*Exercise aim*: Each record that follows is to be reproduced character for character, pictures excepted.

*Data*:
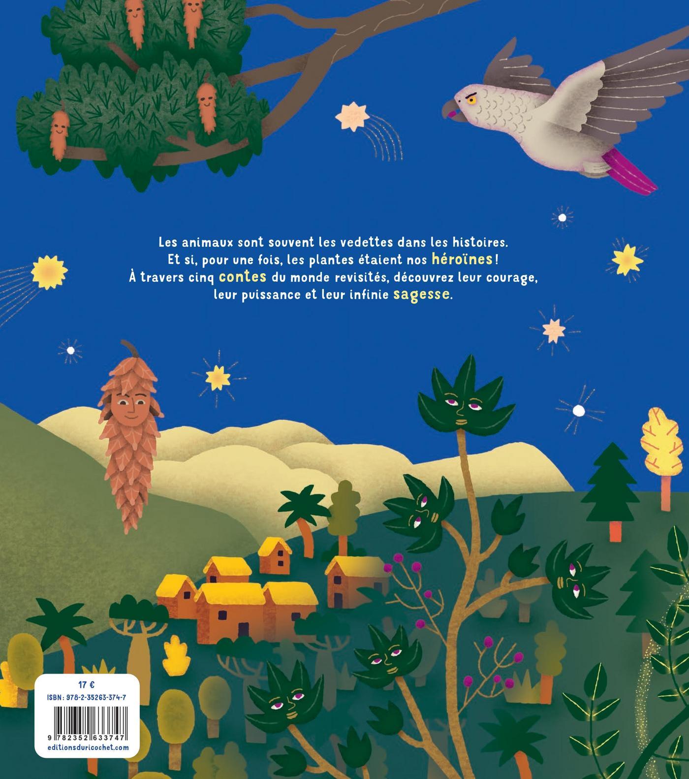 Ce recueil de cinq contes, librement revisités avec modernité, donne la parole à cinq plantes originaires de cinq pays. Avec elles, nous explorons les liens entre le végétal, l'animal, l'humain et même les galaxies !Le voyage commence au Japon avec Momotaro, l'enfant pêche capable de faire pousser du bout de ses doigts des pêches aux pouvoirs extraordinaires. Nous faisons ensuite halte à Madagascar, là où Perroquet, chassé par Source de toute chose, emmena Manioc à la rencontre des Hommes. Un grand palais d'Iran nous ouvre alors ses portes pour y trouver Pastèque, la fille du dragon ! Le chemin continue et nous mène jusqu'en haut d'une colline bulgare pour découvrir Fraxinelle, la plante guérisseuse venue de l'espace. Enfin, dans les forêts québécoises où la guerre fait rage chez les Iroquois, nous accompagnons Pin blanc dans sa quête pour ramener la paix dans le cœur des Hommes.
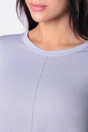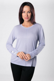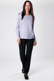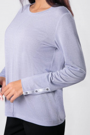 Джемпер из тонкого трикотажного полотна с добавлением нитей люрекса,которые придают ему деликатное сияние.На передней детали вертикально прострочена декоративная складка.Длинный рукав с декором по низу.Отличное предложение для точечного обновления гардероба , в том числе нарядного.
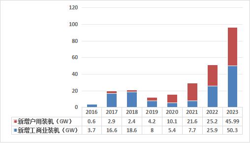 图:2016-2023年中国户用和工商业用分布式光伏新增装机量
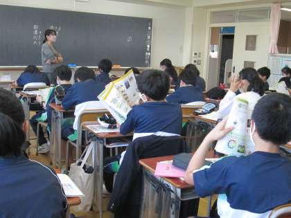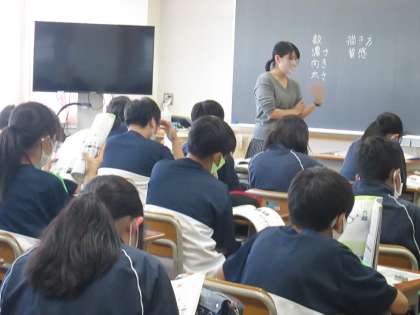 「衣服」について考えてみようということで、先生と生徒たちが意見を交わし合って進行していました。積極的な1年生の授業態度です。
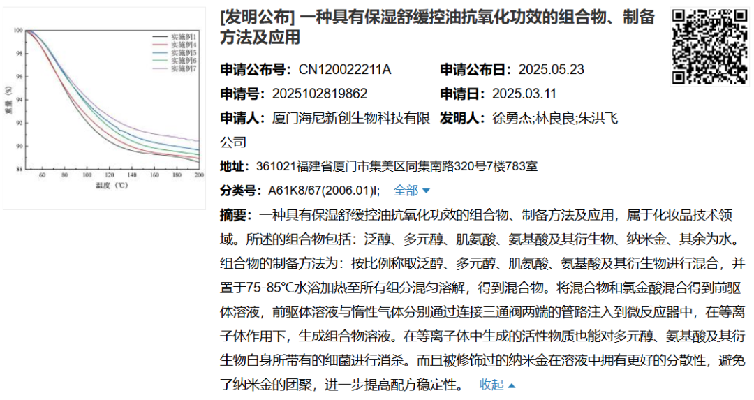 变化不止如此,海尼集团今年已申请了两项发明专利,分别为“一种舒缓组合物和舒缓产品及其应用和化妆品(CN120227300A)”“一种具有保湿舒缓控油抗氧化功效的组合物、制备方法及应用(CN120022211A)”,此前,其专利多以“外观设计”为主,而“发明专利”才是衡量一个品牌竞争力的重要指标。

*Problem solution*:
 Ce recueil de cinq contes, librement revisités avec modernité, donne la parole à cinq plantes originaires de cinq pays. Avec elles, nous explorons les liens entre le végétal, l'animal, l'humain et même les galaxies !Le voyage commence au Japon avec Momotaro, l'enfant pêche capable de faire pousser du bout de ses doigts des pêches aux pouvoirs extraordinaires. Nous faisons ensuite halte à Madagascar, là où Perroquet, chassé par Source de toute chose, emmena Manioc à la rencontre des Hommes. Un grand palais d'Iran nous ouvre alors ses portes pour y trouver Pastèque, la fille du dragon ! Le chemin continue et nous mène jusqu'en haut d'une colline bulgare pour découvrir Fraxinelle, la plante guérisseuse venue de l'espace. Enfin, dans les forêts québécoises où la guerre fait rage chez les Iroquois, nous accompagnons Pin blanc dans sa quête pour ramener la paix dans le cœur des Hommes.
 Джемпер из тонкого трикотажного полотна с добавлением нитей люрекса,которые придают ему деликатное сияние.На передней детали вертикально прострочена декоративная складка.Длинный рукав с декором по низу.Отличное предложение для точечного обновления гардероба , в том числе нарядного.
 图:2016-2023年中国户用和工商业用分布式光伏新增装机量
 「衣服」について考えてみようということで、先生と生徒たちが意見を交わし合って進行していました。積極的な1年生の授業態度です。
 变化不止如此,海尼集团今年已申请了两项发明专利,分别为“一种舒缓组合物和舒缓产品及其应用和化妆品(CN120227300A)”“一种具有保湿舒缓控油抗氧化功效的组合物、制备方法及应用(CN120022211A)”,此前,其专利多以“外观设计”为主,而“发明专利”才是衡量一个品牌竞争力的重要指标。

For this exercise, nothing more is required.